Mozilla on Thursday patched 11 vulnerabilities in Firefox, more than half of them labeled “critical.”
The update was the first since late April, when Mozilla rushed out a refresh to plug a hole that the company's developers has inadvertently introduced in the Windows version of the browser, and came just days after the launching of a “tweener” build of the upcoming Firefox 3.5.
Of the 11 flaws fixed in Firefox 3.0.11, six were rated critical, one “high,” two “moderate” and two “low” in Mozilla's four-step system.
Three of the six critical bugs were in the browser's rendering and JavaScript engines, a frequent target of Mozilla's patching. “Some of these crashes showed evidence of memory corruption under certain circumstances and we presume that with enough effort at least some of these could be exploited to run arbitrary code,” Mozilla said in the advisory for the engine patches, using its now-standard boilerplate language.
The SSL tampering vulnerability was reported to Mozilla by three researchers working for browser rival Microsoft, and a fourth at Purdue University.
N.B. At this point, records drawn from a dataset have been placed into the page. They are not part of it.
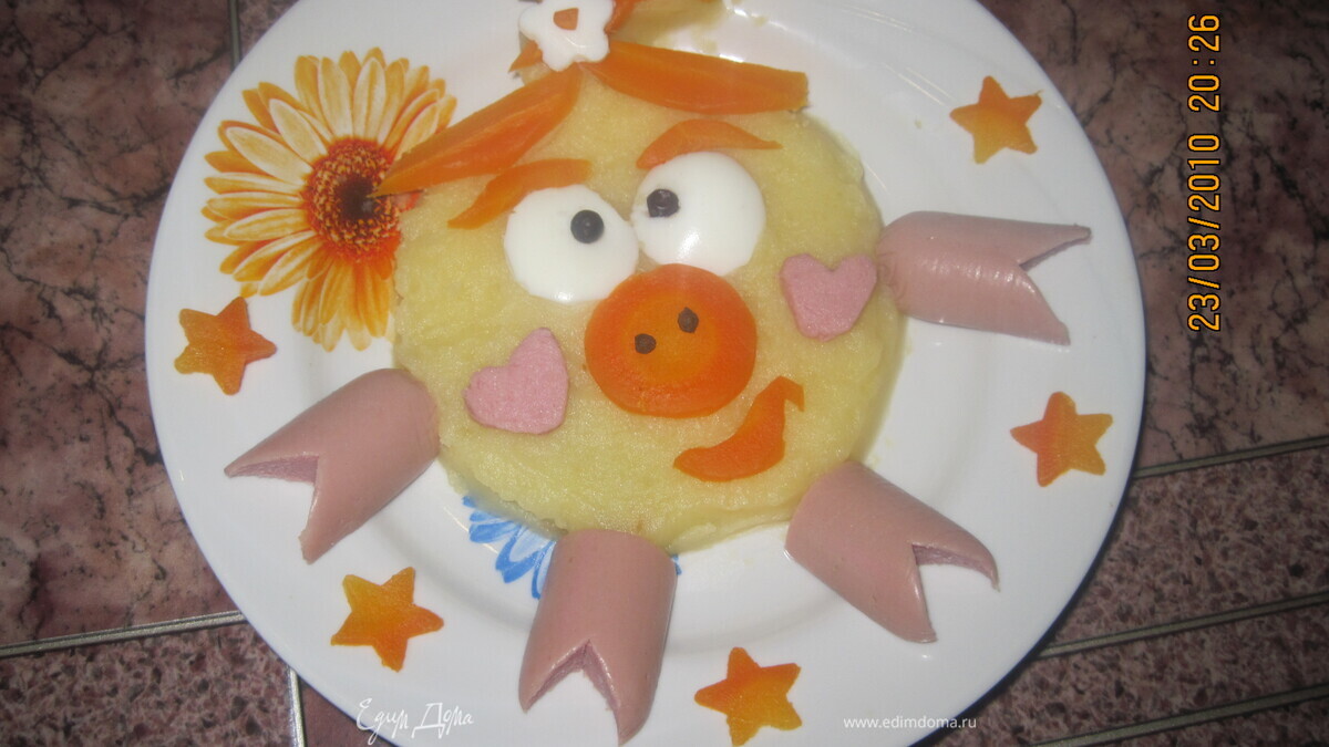 - Шаг 1Туловище - картофельное пюре. Косичка - пюре+морковь Цветок на косичке - из белка яйца Глаза - белок яйца Зрачки - душистый перец Нос, рот - морковь Ноздри - черный перец Щечки-сердечки - из сосисок Лапки - сосиски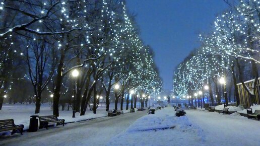 Парк Горького в новогодний снегопад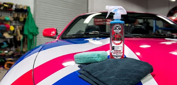один" выстрел " ACTIVATE SHINE на микрофибре или аппликаторе из микрофибры. Важно не наносить слишком много продукта на микрофибру.Ли>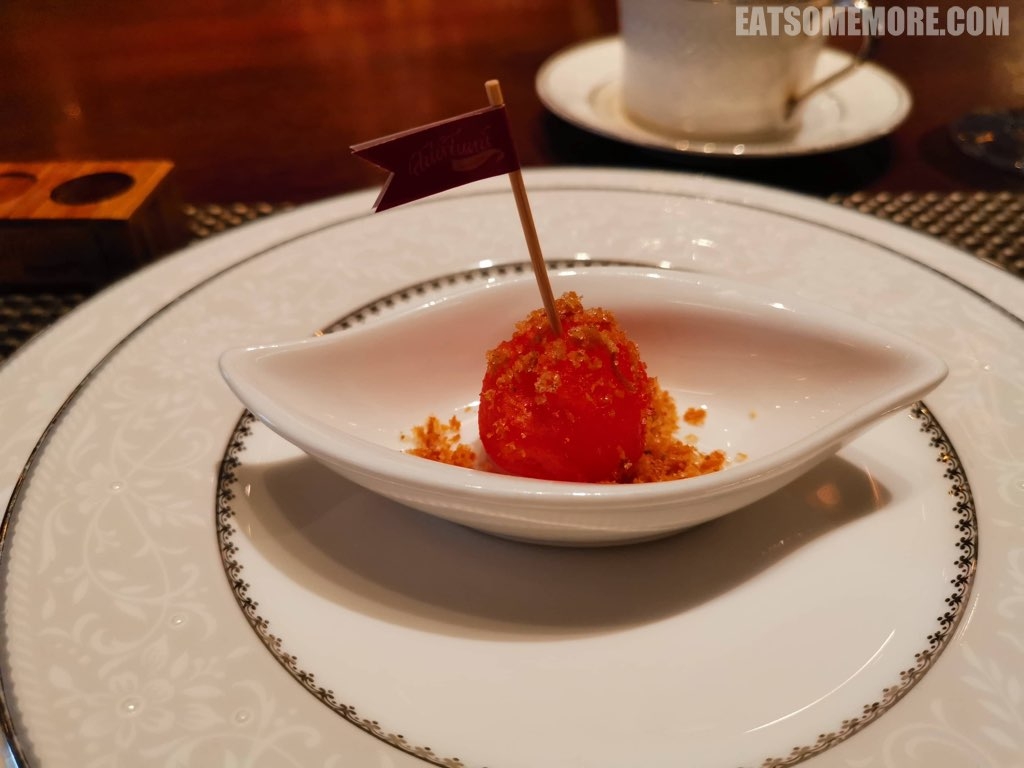 餐前小点是西瓜球裹着三文鱼松,果香和鱼鲜味的碰撞出人意表。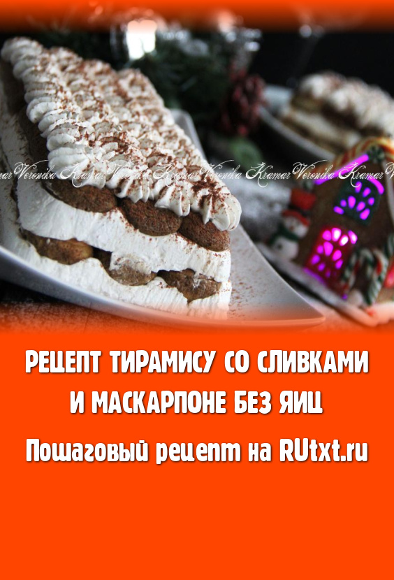 Верх десерта присыпать какао. Тирамису, приготовленный со сливками и маскарпоне без добавления яиц, получается очень нежным, вкусным и красивым.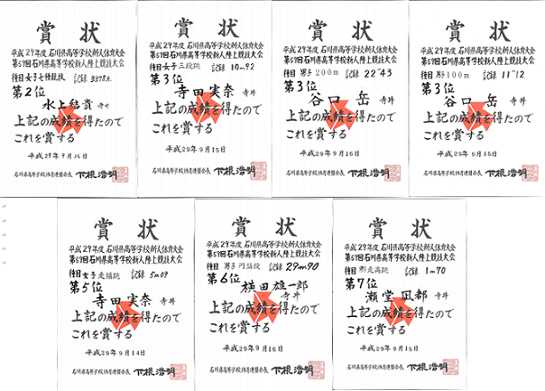 5月26日(木)~28日(土)にかけて石川県西部緑地公園で行われました県高校総体に出場しました。各種目6位(競歩、混成は4位)までが北信越大会への切符が得ることができ、その切符獲得を目指してチーム一丸となって挑んできました!結果は、男子走高跳・女子七種競技で優勝、男子三段跳・女子走幅跳で第2位、その他男子八種競技で第5位、男子走幅跳で第6位、男子円盤投・ハンマー投で第7位という素晴らしい結果となりました。その他にも自己記録を更新できた生徒も多く、これまでの練習の成果だと感じます。また、この総体期間中に、「自分はなにをしなければいけないのか」「すぐ行動しなければいけない」「チームのために一丸となって応援しよう」といった気持が強くなり、個人・チームとして成長していったようにも思えました。陸上競技部の生徒たちは、この自分を試す・試されるような機会を、自分を成長させる場に変えることができていました。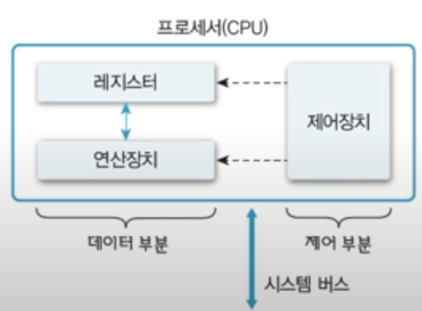 | 제어 버스 | 프로세서가 시스템의 구성요소를 제어하는데 사용, 제어 신호로 연산종류 결정, 메인메모리의 읽고 쓰는 동작 결정 |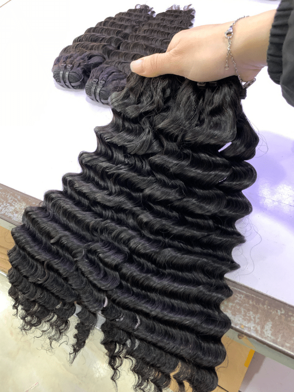 All deep wave bundles are sourced from verified Vietnamese donors in rural regions known for strong, healthy hair. The hair is washed with natural herbal ingredients and steamed carefully to preserve moisture, curl elasticity, and natural shine. This ensures the curls stay defined, bouncy, and long-lasting.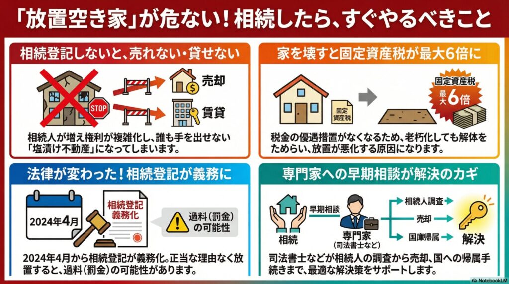 - 空き家問題は、放置すればするほど権利関係が複雑化し、状況が悪化します。
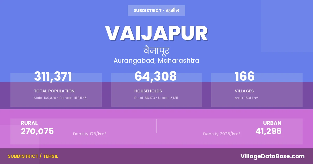 According to the 2011 census The total area of Vaijapur Tehsil is 1531 km², with a population of 311371 people. The population density is 203 inhabitants per square kilometre, and there are approximately 64308 houses in the sub district.
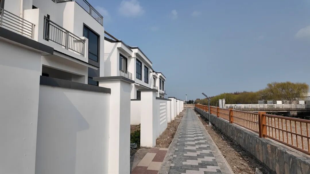 清风轻拂着岸边的绿柳,青黑的瓦片与崭新的房屋相互映照。近日,徐行镇大石皮村的平移安置点上,28栋乡村别墅的建设已进入收尾阶段,预计4月底就能交付给村民。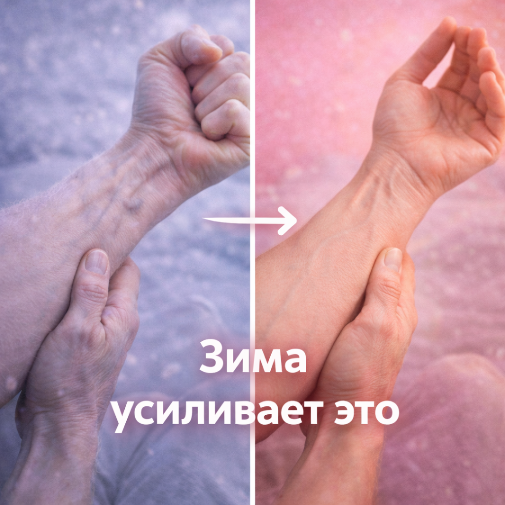 — Раньше не болело, а теперь тянет мышцы даже после сна. И самое интересное — большинство людей уверены: это возраст. Или «погода». Или «так у всех зимой». Но как врач я точно знаю: дело не только в холоде. Зима не создаёт проблему с нуля. Она лишь усиливает то, что уже было в организме, но оставалось незаметным. Зимой организм живёт в режиме экономии. Он старается сохранить тепло, энергию, ресурсы. Кровообращение замедляется, сосуды сужаются, мышцы чаще находятся в напряжении. Если летом тело справляется за счёт движения и тепла, то зимой слабые места начинают «звучать» громче. Суставы и мышцы — первые, кто реагирует. Сустав — это не просто «шарнир». Это сложная система из хряща, связок, суставной жидкости и мышц вокруг. Когда холодно: В итоге движение становится мен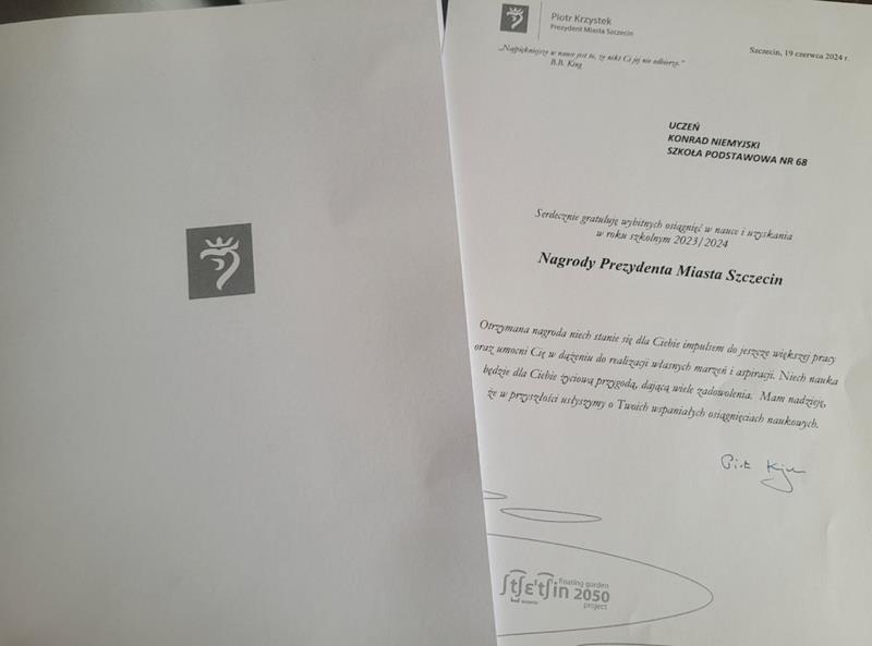 W dniu 19 czerwca 2024 roku w Liceum Ogólnokształcącym nr 1 odbyła się uroczystość wręczenia Nagród Prezydenta Miasta Szczecin za wybitne osiągnięcia szkolne. Na tak wysokie wyróżnienie zasłużył Konrad Niemyjski z klasy 8a. Jest on finalistą konkursów organizowanych przez Zachodniopomorskiego Kuratora Oświaty z języka angielskiego oraz historii.

The four — Shuo Chen, Ziqing Mao, Yi-Min Wang and Ming Zhang — co-wrote a paper titled “Pretty-Bad-Proxy: An Overlooked Adversary in Browsers' HTTPS Deployments,” that they published May 1 (download PDF). Mozilla ranked the vulnerability as “high.”
Other patches prevent hackers from pinching browser cookies, executing JavaScript attack code and spoofing Web addresses.
Thursday's update was the fifth this year for Firefox 3.x, but not the first for Mozilla's browsers this week.
On Monday, Mozilla rolled out Firefox 3.5 Preview, a build the company said is a near-finished version of the official Release Candidate, or RC. Although new-found bugs had delayed the RC's release yet again, Mozilla wanted to get something in testers' hands, and so took the unusual step of delivering the Preview.
At this point, Mozilla has not set a scheduled for posting Firefox 3.5 RC, once slated to appear the first week of June. In notes on a status meeting the company held Wednesday, Mozilla simply noted that it would release the RC “you know, when it's ready.”
Firefox 3.5 Preview is being offered only to users who have already installed Beta 4 of the browser upgrade.
Firefox 3.0.11 can be downloaded for Windows, Mac OS X and Linux, but current users can also call up their browser's built-in updater or wait for the automatic update notification, which should pop up in the next 48 hours.